Author: Mustofa – Staff Manajemen Tunas Cendekia
Ramadlan ke-16 penulis ini menyoroti pemandangan menarik yang sudah lumrah di tengah masyarakat yaitu banyaknya para peminta-minta di tempat umum, tempat-tempat ibadah atau datang menghampiri rumah kita. Nama lain dari peminta-minta adalah pengemis. Apalagi dengan datangnya bulan suci Ramadlan banyak terlihat para pengemis di mana-mana, hal ini wajar karena banyak orang yang cenderung bersedekah dan berzakat apalagi menjelang hari raya Idul Fitri.
Pemandangan ini bisa membuat kita menjadi iba dan simpatik, tidak jarang juga ada yang merasa risih atas kehadiran mereka. Bentuk dan gaya mereka pun bermacam-macam, ada yang terlihat seperti mengalami cedera, ada yang memakai pakaian kumuh, ada yang membawa anak-anak, dll.
Yang menarik lagi ada orang kaya dari kalangan bohir tajir melintir pura-pura menjadi gelandangan, membuat konten youtube seolah-olah dia memerlukan belas kasihan sambil melantunkan sholawat dengan suara fals, tidak enak di telinga, kemudian menghampiri sekelompok cewek cantik milenial berhijab sampai diusir-usir. Lama kelamaan si pengemis gembel peminta-minta tiba-tiba suaranya merdu, membuat para cewek cantik berhijab terkesima, ujung-ujungnya minta like, subscribe dan pencet tombol loncengnya.
Menelusuri Awal Mula Kata Pengemis
Hasil penelusuran penulis, ternyata kata “Pengemis” ada sejak jaman Raja Pakubuono X Tahun 1893 – 1939. Pada suatu hari, Raja Pakubuono X Raja Mataram Yogyakarta sedang melihat kondisi rakyatnya saat keluat dari Masjid Agung pada hari Kamis. Sembari di dampingi para pengawal dan para ajudan, sang raja melihat banyak masyarakat menengadahkan tangan ingin mendapatkan sedekah dari “Sang Raja”.

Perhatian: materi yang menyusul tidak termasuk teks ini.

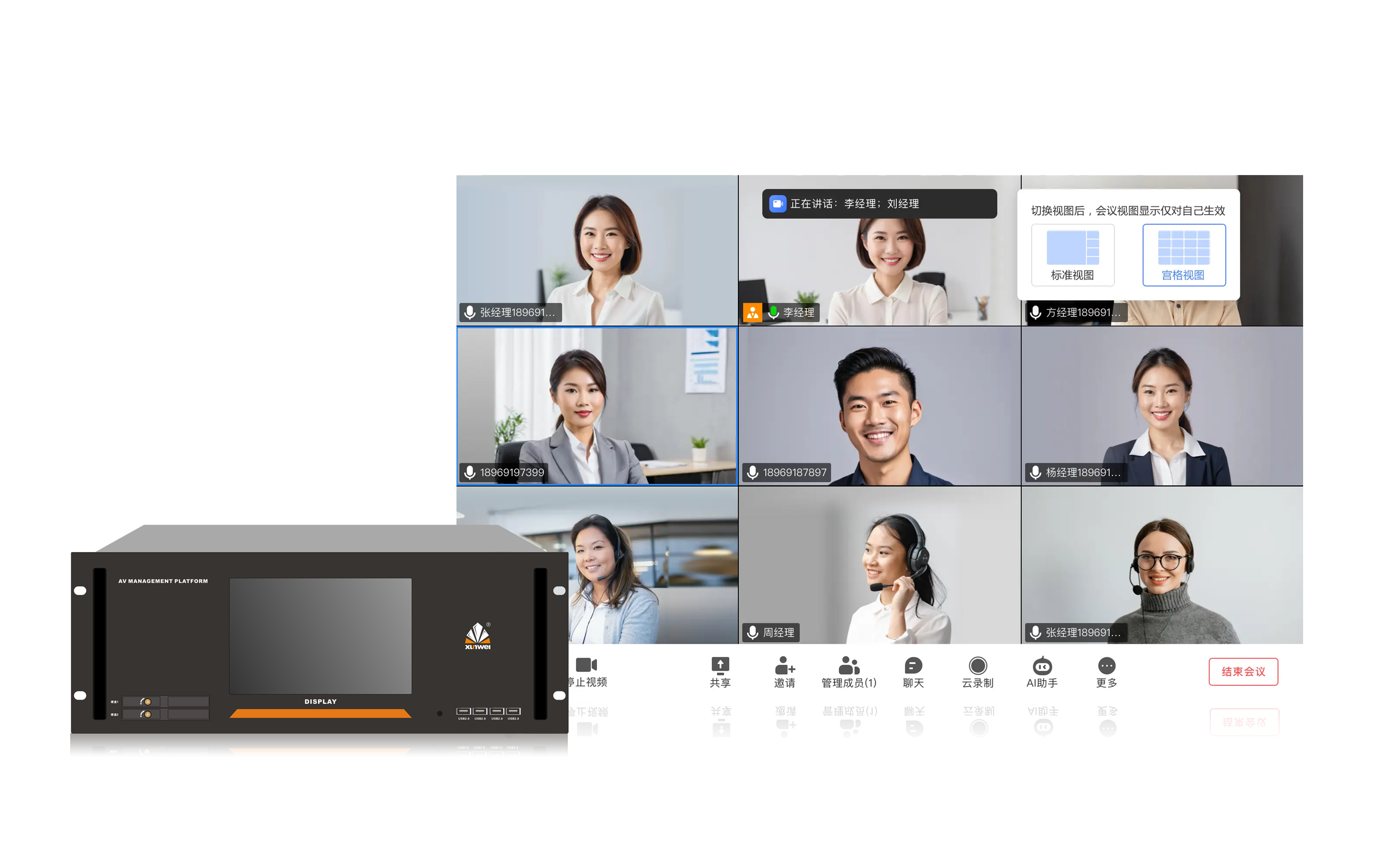 集视频会议、视频录播、中控管理、AI应用、可视化等多种强大功能于一体,采用可视化软件控制,为企业打造高效、便捷、智能的会议体验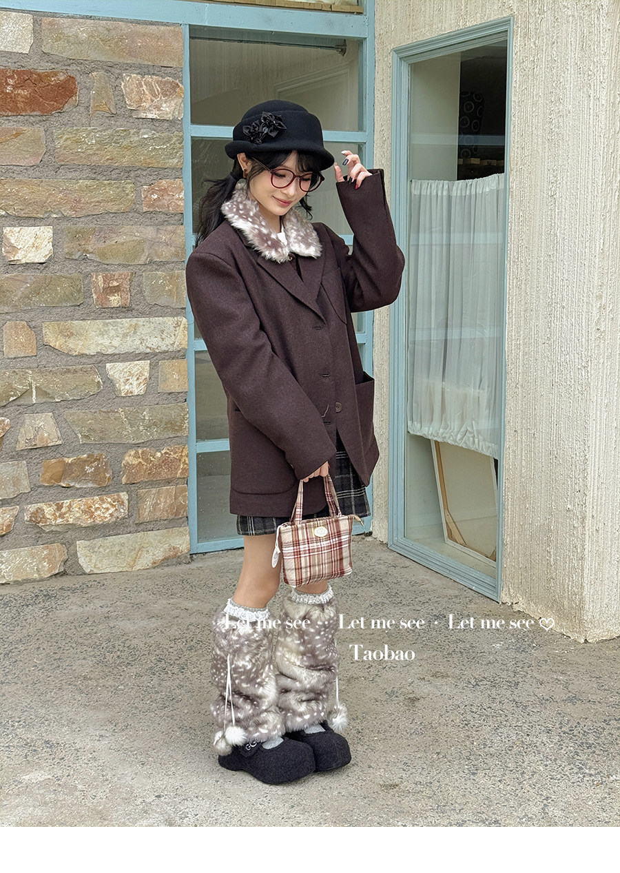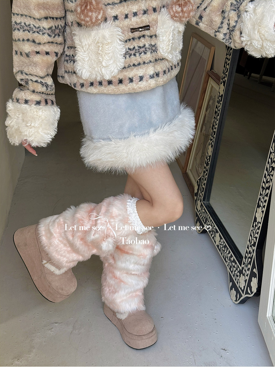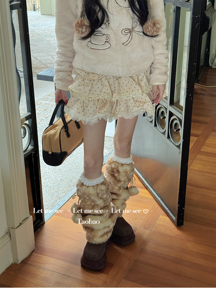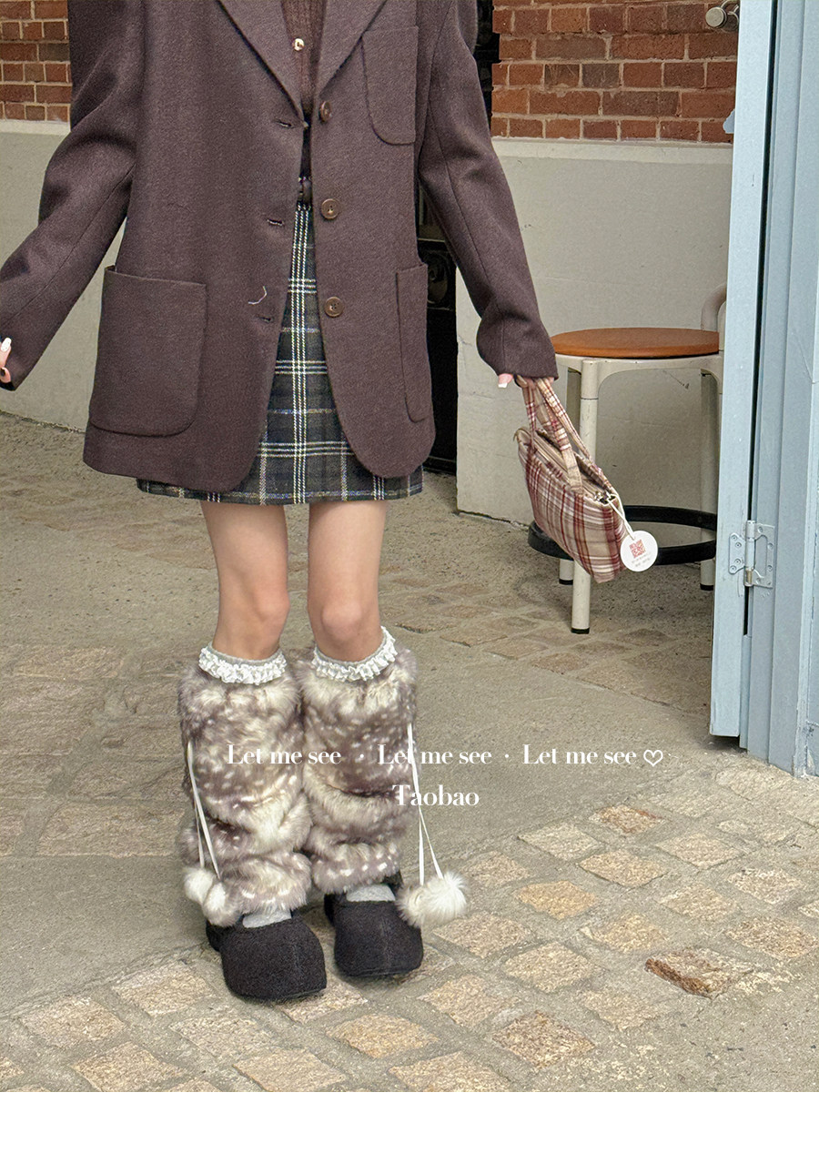LET ME SEE 复古小鹿少女感堆堆加厚袜套 冬日甜美粉色鹿保暖袜套 [Original Page Link]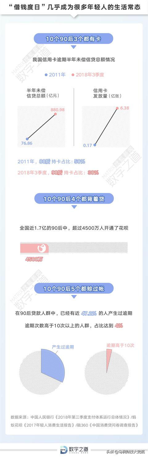 据汇丰银行的一项调查,中国90后的负债额是月收入的18.5倍,人均负债已超过了约12万人民币,主要负债来源是信用卡及各种贷款机构。而且据统计在90后借款人群中,已经有接近47.2%的人产生过欠款逾期,欠款预期次数高于10次以上的人群占比达到4%。具体看下图。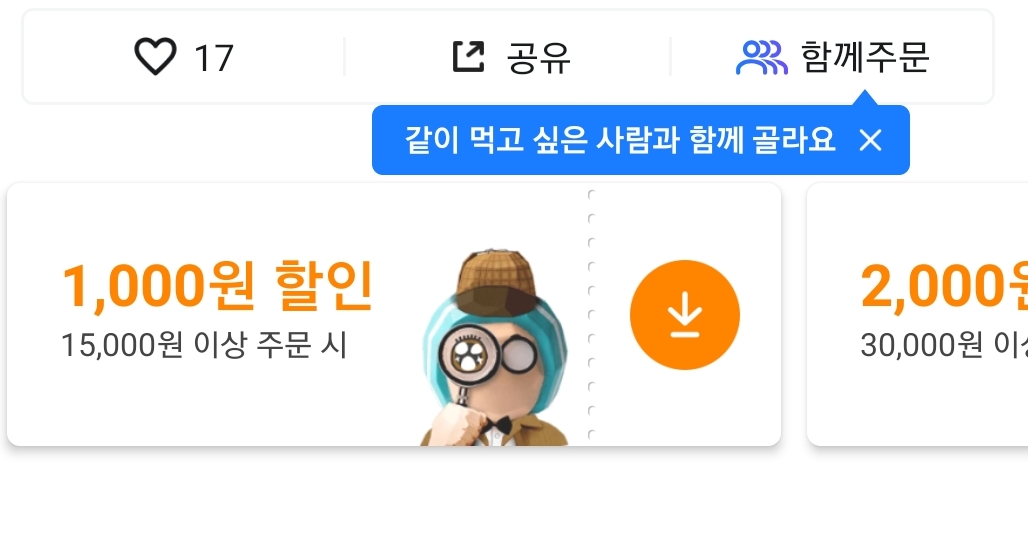 아래와 같이 15,000원 시키면 1,000원 할인이라고 합니다.

Raja Pakubuono tidak membiarkan pemandangan rakyatnya yang menengadahkan tangan. Dia memberikan banyak sedekah setiap hari Kamis dan terus mengulanginya di hari yang lain juga. Karena berlangsungnya pada hari Kamis muncullah istilah baru “Ngemis” yang artinya adalah meminta rezeki pada hari Kamis. Kemudian orang-orang yang melakukan ngemis dikenal dengan sebutan “Pengemis”.
Terlepas dari itu semua, meminta-minta atau mengemis merupakan bagian dari sejarah budaya dan ekonomi umat manusia, kegiatannyapun ada yang terorganisir dengan baik dan ada juga yang mandiri.
Pengemis yang terorganisir sebagaimana kelompok masyarakat pada umumnya. Mereka mempunyai organisasi, tata aturan, area kerja, dan bagi hasil kepada “Si Bos” pengelola organisasi pengemis. Untuk selanjutnya para pengelola organisasi memberikan perlindungan dan keamanan kepada para pengemis supaya ada hubungan simbiosis-mutualistis saling menguntungkan.
Contoh pengemis mandiri, pernah terjadi penangkapan kepada pengemis oleh Suku Dinas Sosial DKI Jakarta tahun 2019. Suku Dinas Sosial tersebut menemukan seorang pengemis di kawasan Kebayoran Baru yang ternyata seorang kaya dari hasil mengemis yang akhirnya diamankan di Panti Sosial.
Sejak kecil kita sudah diajarkan oleh guru-guru kita tentang Rukun Islam itu ada 5, yaitu Syahadat, Sholat, Puasa, Bayar Zakat dan Menunaikan ibadah haji bagi yang mampu.
Zakat termasuk salah satu dari lima rukun Islam, sumbangan zakat ini bisa diberikan pada siapa saja yang dirasa membutuhkan, termasuk juga memberikan zakat dan sedekah pada non-muslim sebagai strategi dakwah Islam.
Walisanga juga mengajarkan kepada para pengikutnya agar senantiasa bersedekah dan berbagi. Hal ini dibuktikan dengan adanya wasiat Sunan Gunungjati yang berbunyi: “Isun Titip Tajuk lan Fakir Miskin” yang berarti kurang lebihnya, saya titipkan masjid dan fakir miskin.